A fix for the spurious issues on network mounts was finally accepted in https://reviews.llvm.org/D155579, and landed in https://github.com/llvm/llvm-project/commit/02a37547834902ed05fa9c5d1dcc9e31c37e2182. The fix is way too disruptive to make it into the 17.x release series (where the 17.0.0 version is due to be released next week), but should be part of the upcoming 18.x release in 6 months unless some issue appears. The latest nightly build at https://github.com/mstorsjo/llvm-mingw/releases/nightly should contain this fix though, if you want to take it for a spin.

falhumai96 commented 12 months ago

Awesome news @mstorsjo ! Thanks for your help. Greatly appreciated.

falhumai96 commented 12 months ago

I'll close the issue once 18.0.0 is released (I'll also test it out if the issue is fixed or not).

mstorsjo commented 11 months ago

I'll close the issue once 18.0.0 is released (I'll also test it out if the issue is fixed or not).

If possible, could you try out a nightly build as well? Once 18.0.0 is out, in case it actually doesn't fix your issue, it's at least another 6 months before a fix can be out in a release...

falhumai96 commented 11 months ago

@mstorsjo I have just tested the nightly build against LLVM/Clang MinGW 16.0.6, and the issue is clearly fixed (I noticed it in the earlier build but not on the nightly build). Great work. Much appreciated!

Not sure if UCRT vs MSVCRT would matter (highly doubtful), but I noticed that the nightly has only a build for the former so I did not test the latter.

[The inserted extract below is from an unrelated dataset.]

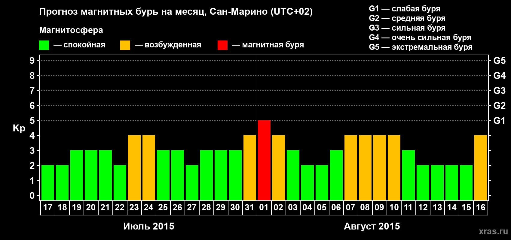 Прогноз магнитных бурь Сан-Марино — 17 июля 2015 года

mstorsjo commented 11 months ago

@mstorsjo I have just tested the nightly build against LLVM/Clang MinGW 16.0.6, and the issue is clearly fixed (I noticed it in the earlier build but not on the nightly build). Great work. Much appreciated!

Thanks for testing!

Not sure if UCRT vs MSVCRT would matter (highly doubtful), but I noticed that the nightly has only a build for the former so I did not test the latter.

Yeah, the CRT choice shouldn’t make any difference here. (And I don’t include msvcrt based builds in the nightlies, as that requires quite a bit of extra compilation.)